The result should be the lines from the one that contains "Чтобы снять вентилятор, выкрутите" to the final line of the entries below, copied exactly and with no pictures.

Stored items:

· · · · · · ·

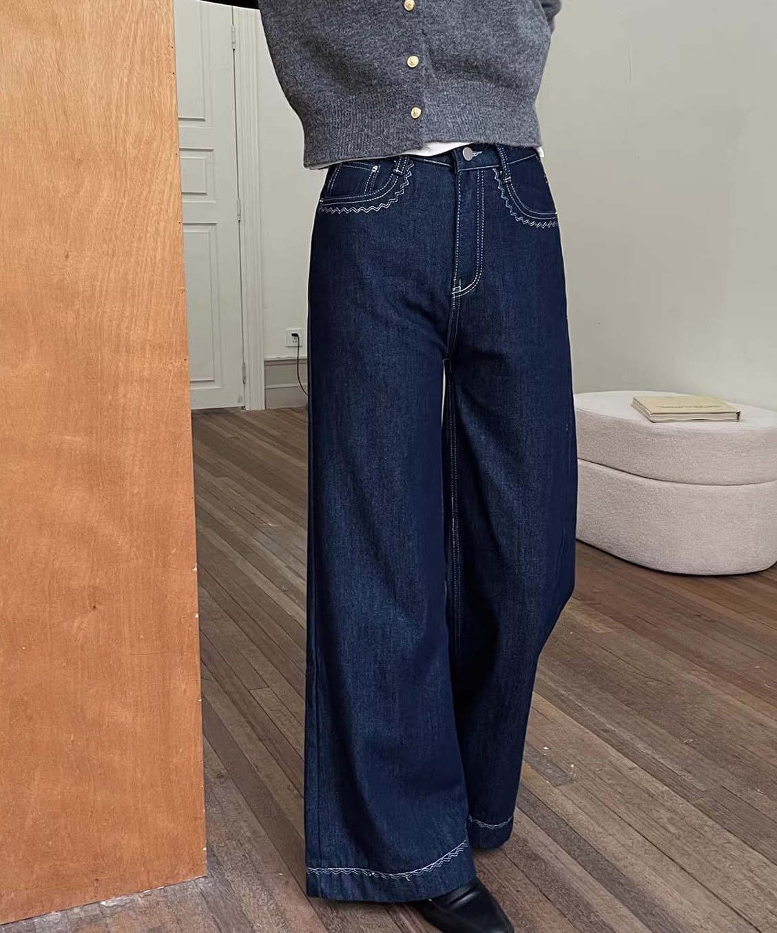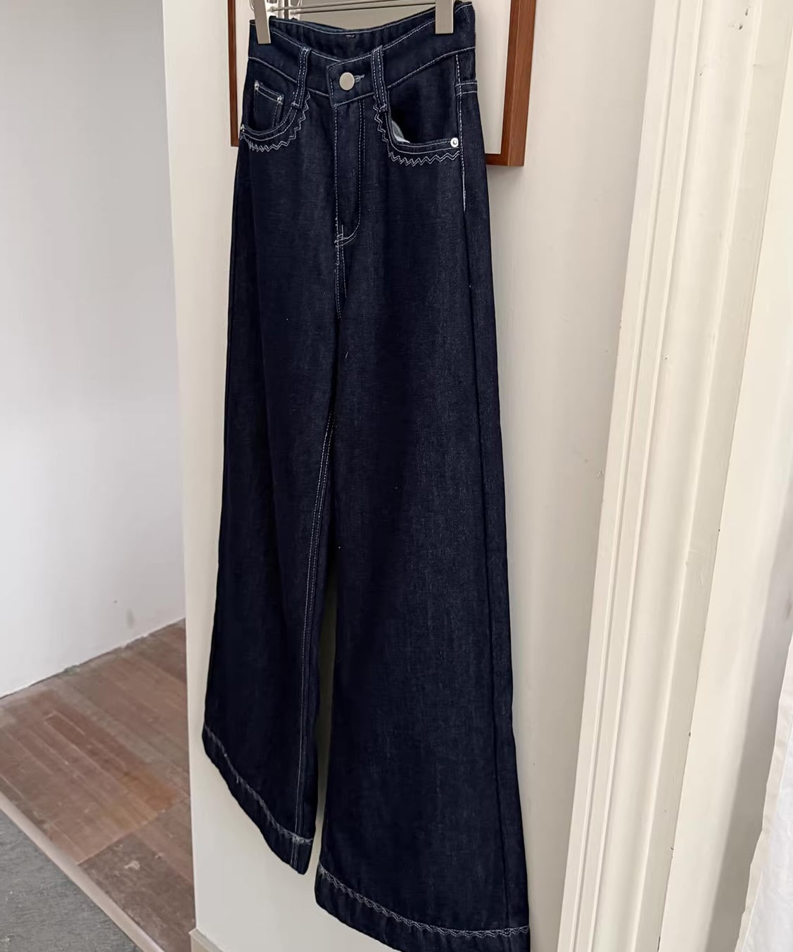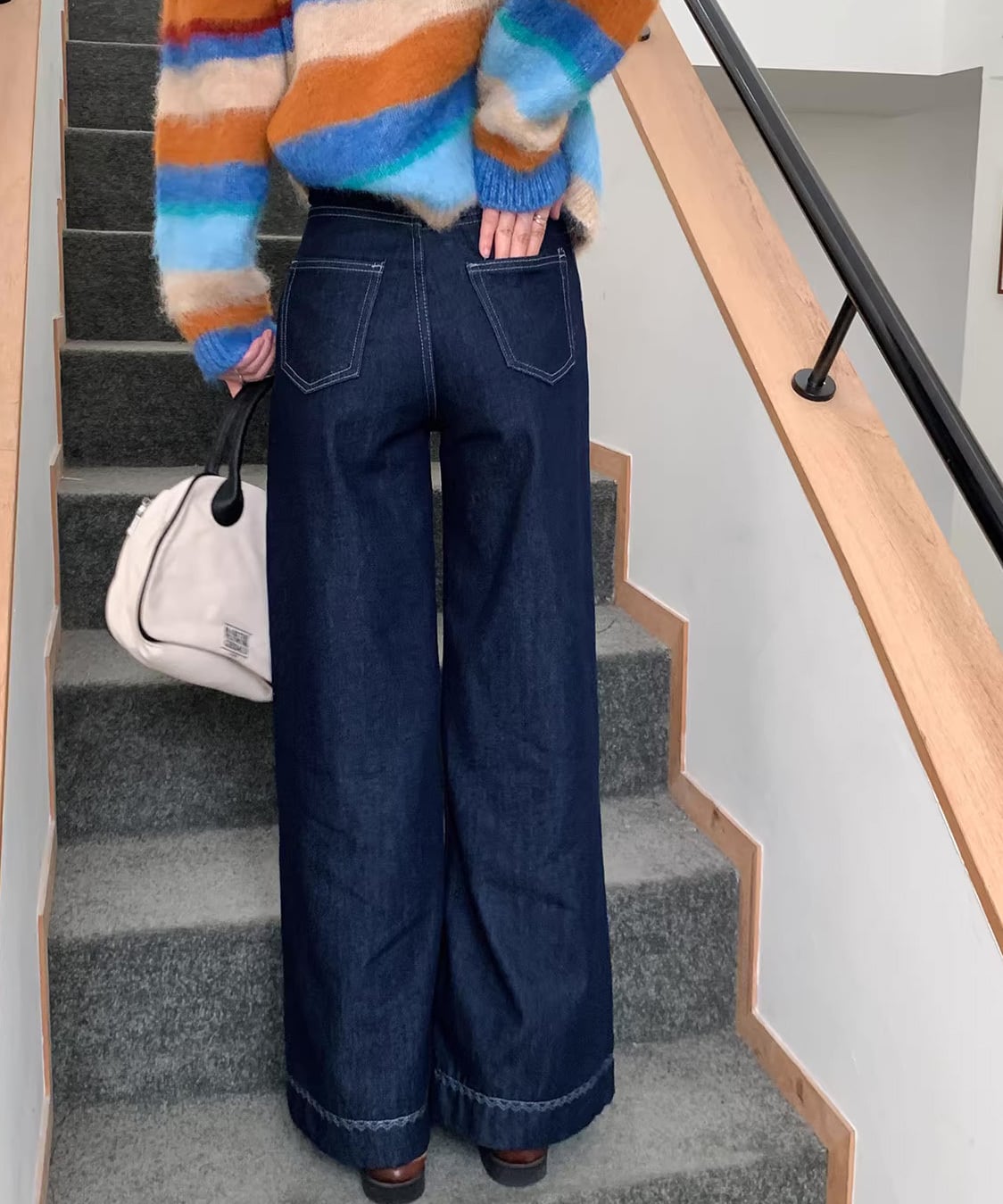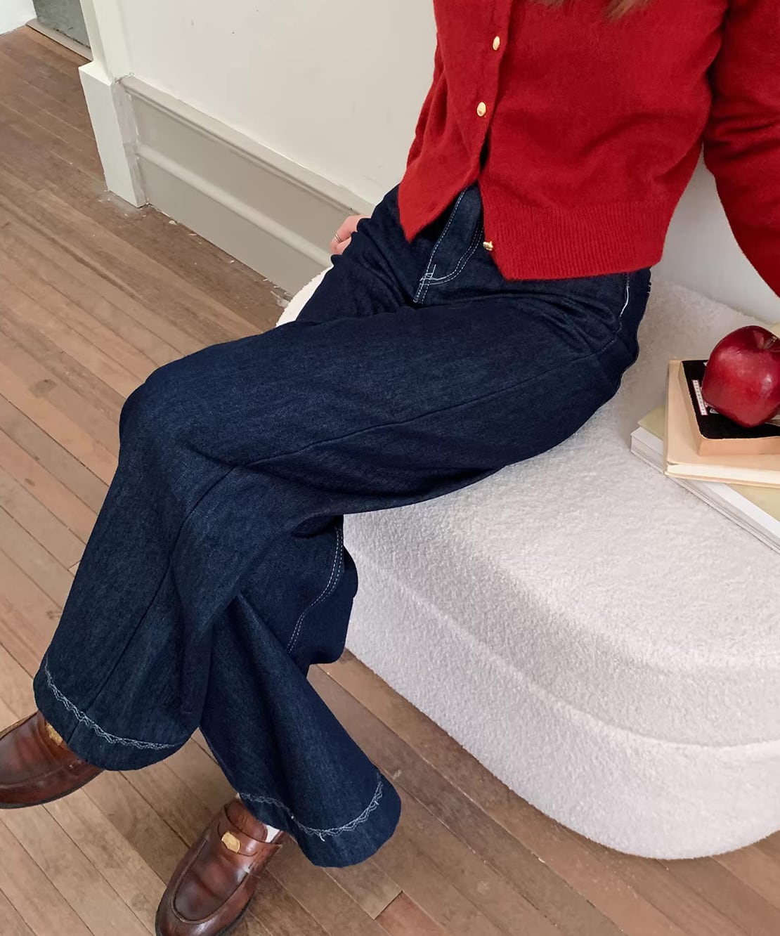 太めのシルエットと配色ステッチが特徴のワイドデニム。
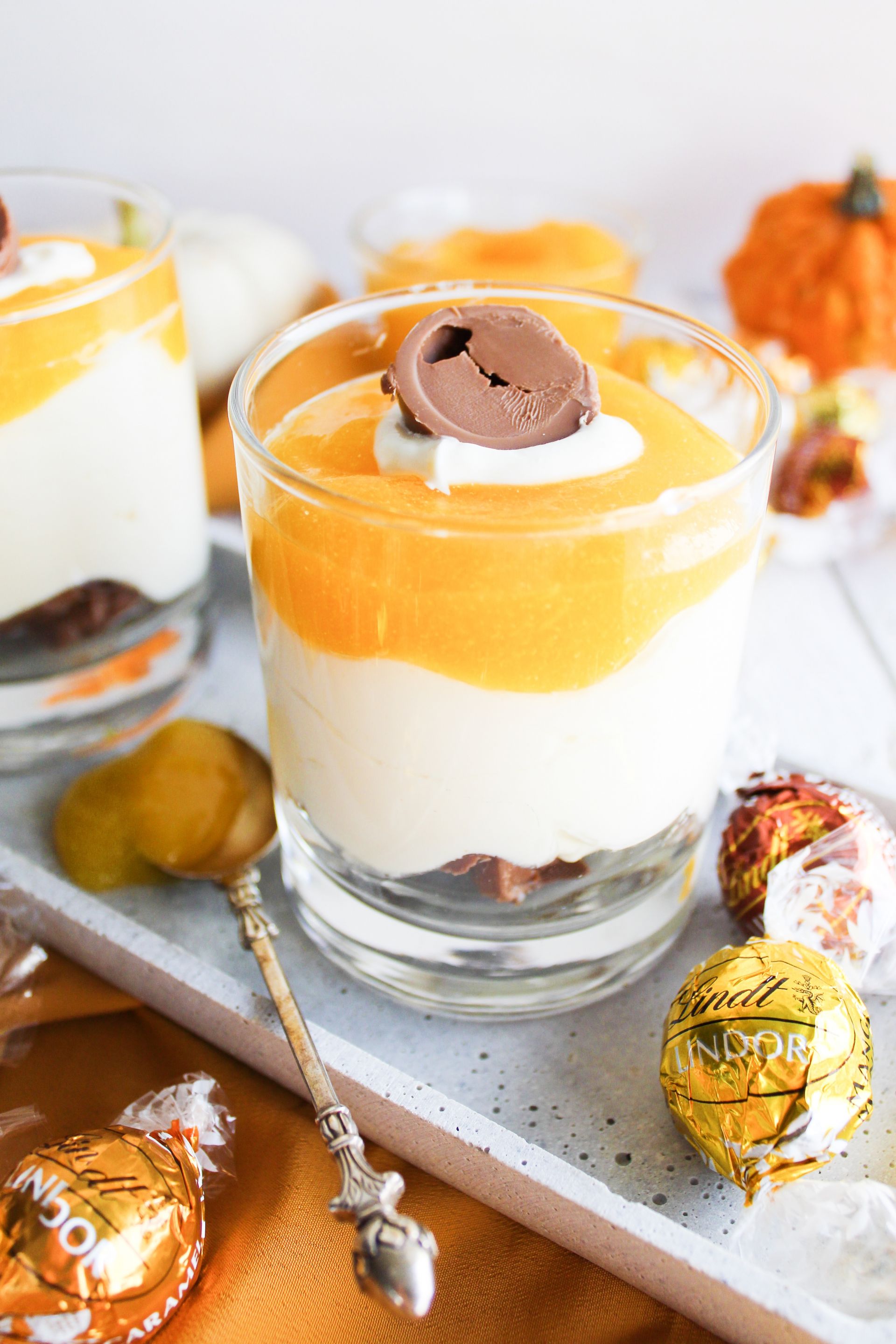 - 9 LINDT Lindor Kugeln in kleine Stücke schneiden und in die Gläser füllen. Darauf nun die bereits fertig Mascarponecreme gießen.
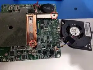 Чтобы снять вентилятор, выкрутите два винта с крестообразным шлицем, которые его крепят. Затем отсоедините его от материнской платы.
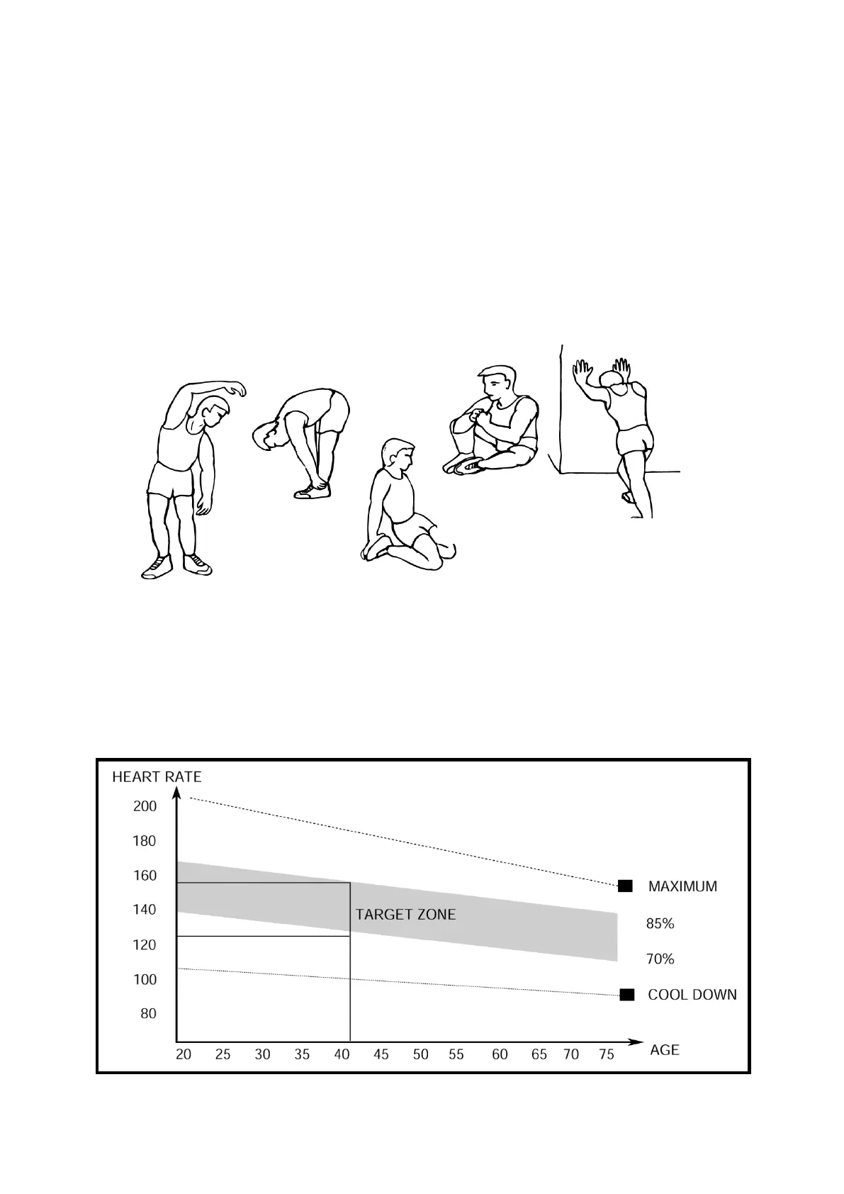 reduce the risk of cramp and muscle injury. It is advisable to do a few stretching exercises as shown
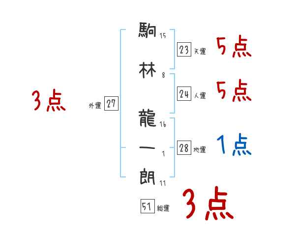 駒林龍一朗さんの画数の鑑定結果

· · · · · · ·

**Written reply**
 Чтобы снять вентилятор, выкрутите два винта с крестообразным шлицем, которые его крепят. Затем отсоедините его от материнской платы.
 reduce the risk of cramp and muscle injury. It is advisable to do a few stretching exercises as shown
 駒林龍一朗さんの画数の鑑定結果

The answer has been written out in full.